06 Dec, 2015

1 commit

  • For debugging low level code interacting with the CPU it is often
    useful to trace the MSR read/writes. This gives a concise summary of
    PMU and other operations.

    perf has an ad-hoc way to do this using trace_printk, but it's
    somewhat limited (and also now spews ugly boot messages when enabled)

    Instead define real trace points for all MSR accesses.

    This adds three new trace points: read_msr and write_msr and rdpmc.

    They also report if the access faulted (if *_safe is used)

    This allows filtering and triggering on specific MSR values, which
    allows various more advanced debugging techniques.

    All the values are well defined in the CPU documentation.

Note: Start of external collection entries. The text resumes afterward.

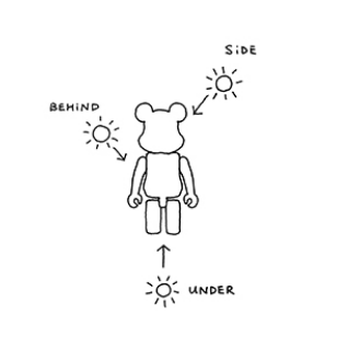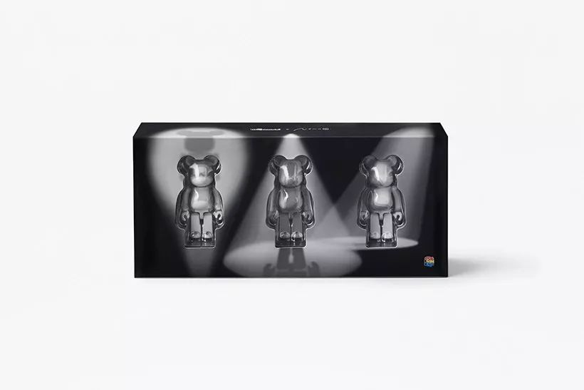 包裝是由簡單的黑色製成,只有聚光燈的軌跡。代表合作的標誌,並沒有像慣例那樣放在「背面」,而是印在「腳掌」上,當BE@RBRICK坐下時就可以看見。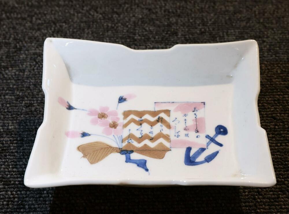 最初はただのお皿に見えた。よく見ると、和歌が描かれている。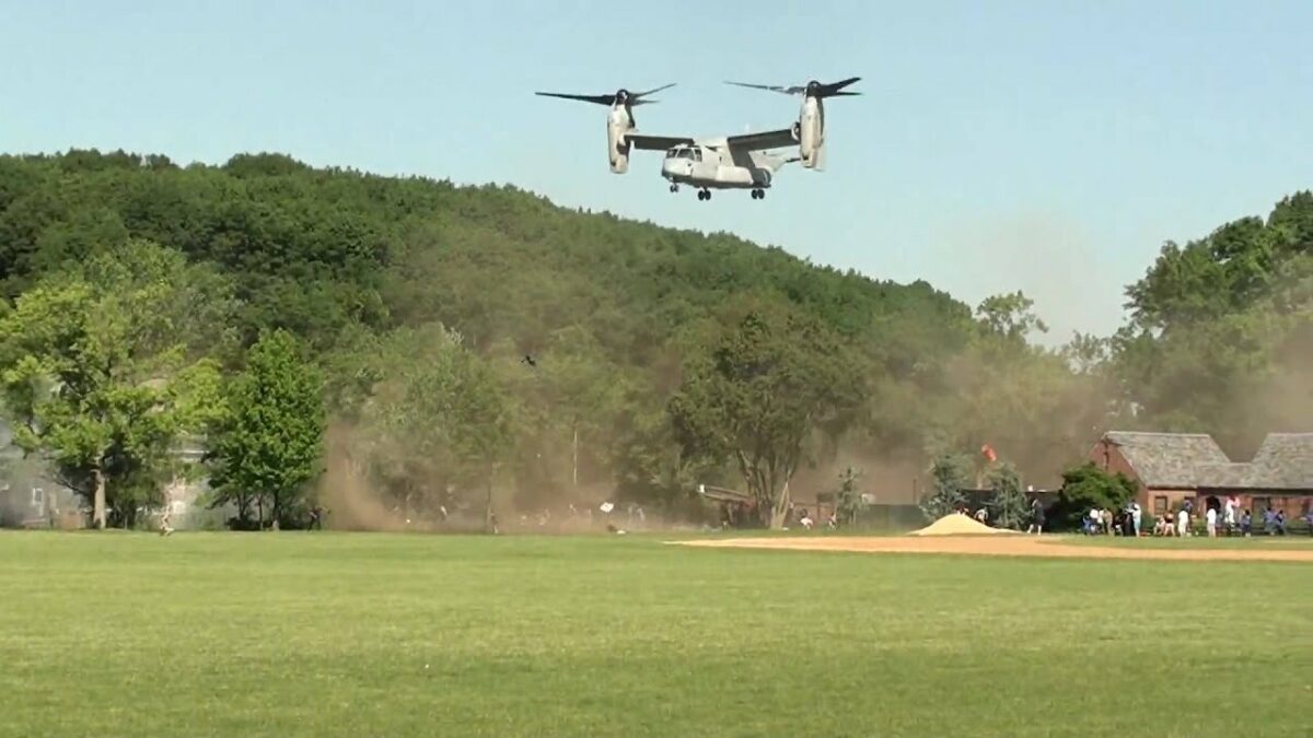 Uit de oude doos: een V-22 Osprey helikopter zorgt voor een ravage in het park

    The trace can be post processed with
    Documentation/trace/postprocess/decode_msr.py to add symbolic MSR
    names to the trace.

    I only added it to native MSR accesses in C, not paravirtualized or in
    entry*.S (which is not too interesting)

    Originally the patch kit moved the MSRs out of line. This uses an
    alternative approach recommended by Steven Rostedt of only moving the
    trace calls out of line, but open coding the access to the jump label.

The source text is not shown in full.